__What you need to do__.
The required output is an exact restatement of the lines, starting with the one that contains "3、在设置页面,找到并点击底部退出登录选项。" and finishing with the last line of the listing. It contains no pictures.

__Information provided__.
----
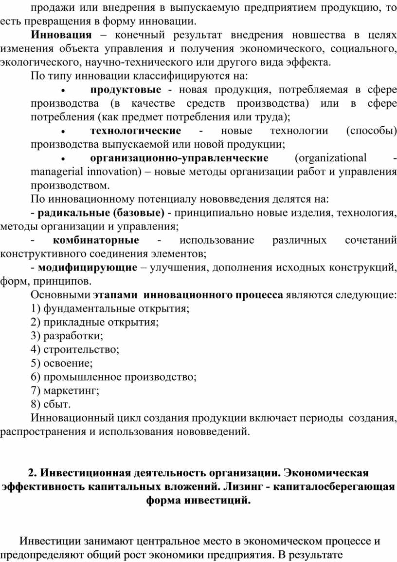 2. Инвестиционная деятельность организации. Экономическая эффективность капитальных вложений. Лизинг - капиталосберегающая форма инвестиций.
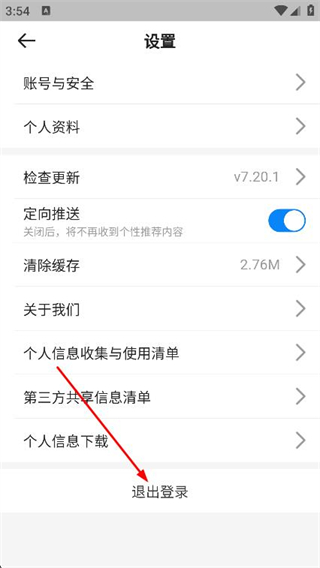 3、在设置页面,找到并点击底部退出登录选项。
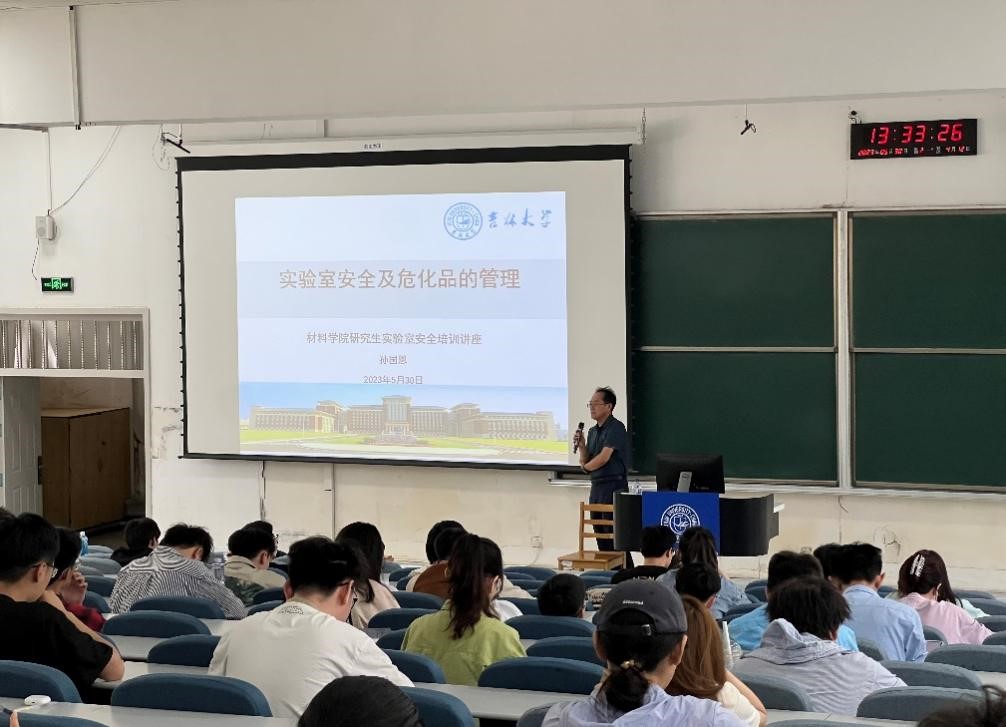 首先曲贵文副书记代表学院领导进行了动员,简短介绍了学院近期的几起安全隐患,表示学校及学院领导高度重视实验室安全问题。本次讲座也是为让同学们学习更多有关实验室安全的知识,提高安全意识。强调实验室安全从来都不是某一单方的事情,需要由管理方、各导师以及参与实验的各位同学们共同建设。在我们学院学校给所有研究生同学提供实验平台的基础上,要求大家严格遵守实验室的各项规章制度。此次培训结束后会有通过性的考试,如未通过则不能进入实验室做实验,在今后学院也会加强实验室的管理,如有违规操作,一律严肃处理。
----
__Problem solution__.
 3、在设置页面,找到并点击底部退出登录选项。
 首先曲贵文副书记代表学院领导进行了动员,简短介绍了学院近期的几起安全隐患,表示学校及学院领导高度重视实验室安全问题。本次讲座也是为让同学们学习更多有关实验室安全的知识,提高安全意识。强调实验室安全从来都不是某一单方的事情,需要由管理方、各导师以及参与实验的各位同学们共同建设。在我们学院学校给所有研究生同学提供实验平台的基础上,要求大家严格遵守实验室的各项规章制度。此次培训结束后会有通过性的考试,如未通过则不能进入实验室做实验,在今后学院也会加强实验室的管理,如有违规操作,一律严肃处理。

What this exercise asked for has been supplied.